According to the Company and the Regional negotiators, the Company would have
implemented the project even without the SEP. Given the very favorable economic return, it
was certainly in the Company's best interest to do so. However, their agreement to include
the project as an SEP might have expedited their implementation.

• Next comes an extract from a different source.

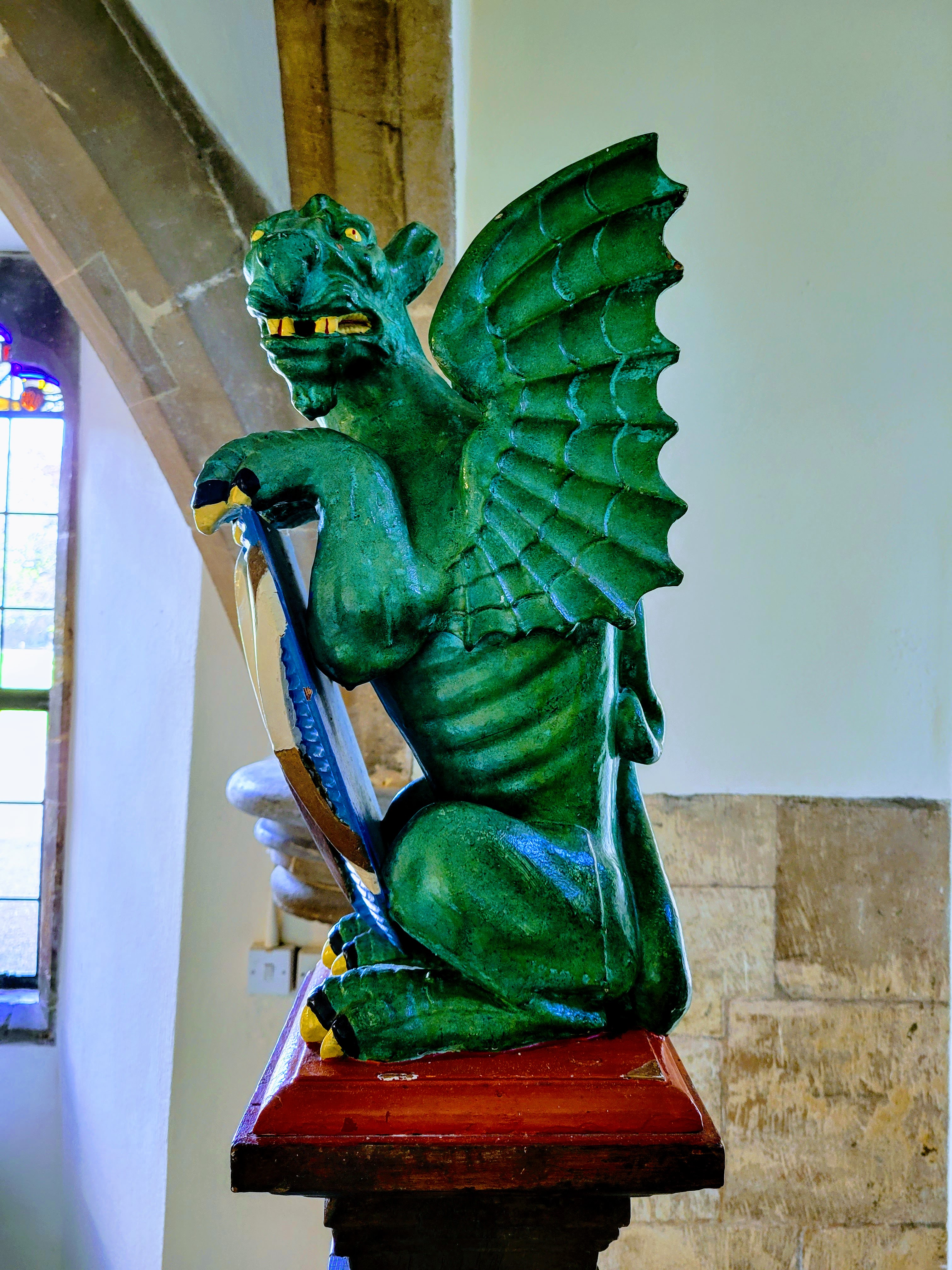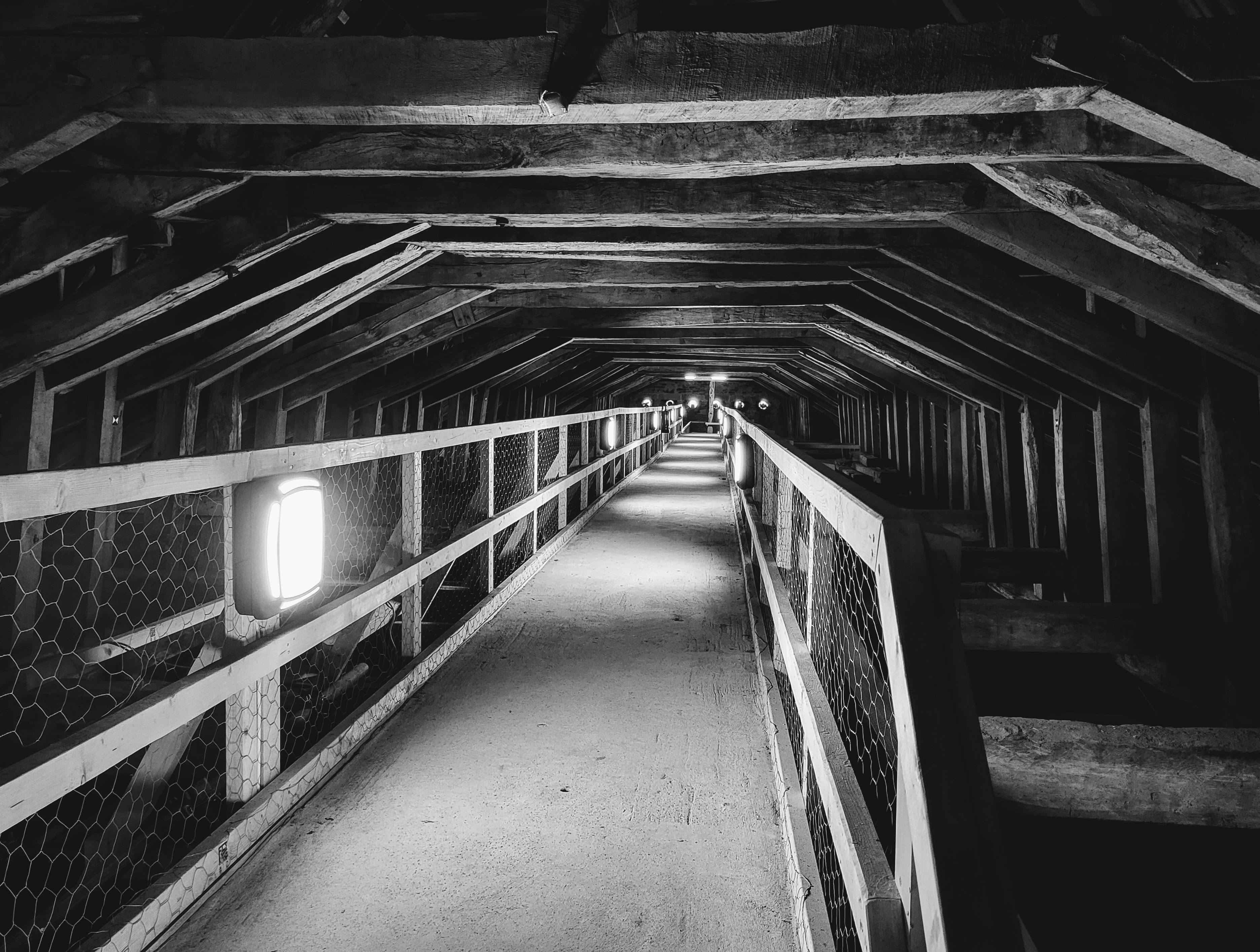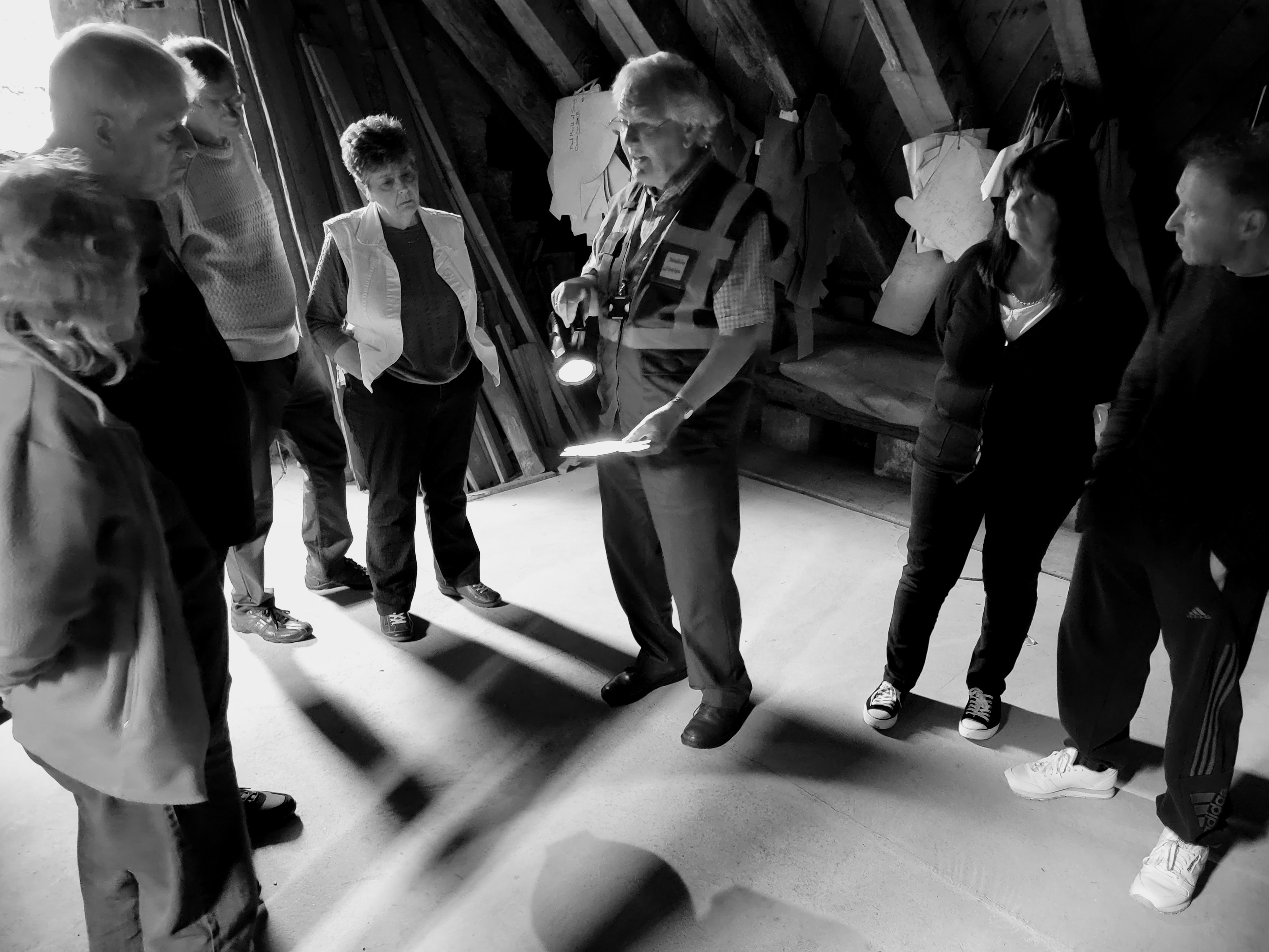 Taking a couple of photos inside the church before we scurried behind the walls.

According to the Material Safety Data Sheets (MSDS), the cleaning agent contains: 1-T-
Butoxy-2-Propanol, Dipropylene Glycol Monoethyl Ether, and Monocyclic Terpene
Hydrocarbons. While animal studies conducted by NIOSH has found that certain glycol
ethers1 are fetotoxicants, such evidence has not been found for Dipropylene Glycol
Monoethyl Ether. Monocyclic terpene hydrocarbons are a class of plant-based materials
which many companies are turning to as an alternative to chlorinated solvents. Results of
manufacturer's studies of health effects associated with Hie use of semi-aqueous cleaners
suggest that the risks are low. EPA has not fully studied these materials. Limited testing of
a terpene called d-limonene has shown positive carcinogenicity in male rats. The strong odor
of terpenes may be offensive to workers, requiring adequate ventillation.2
1 Ethylene glycol monomethyl ether (EGME), ethylene glycol monoethyl ether (EGEE) and their
acetates. Based on evidence of fetotoxicity in animals, for these glycol ethers, OSHA has proposed a downward
revision in the TLV for certain glycol ethers from 100 to 0.1 ppm.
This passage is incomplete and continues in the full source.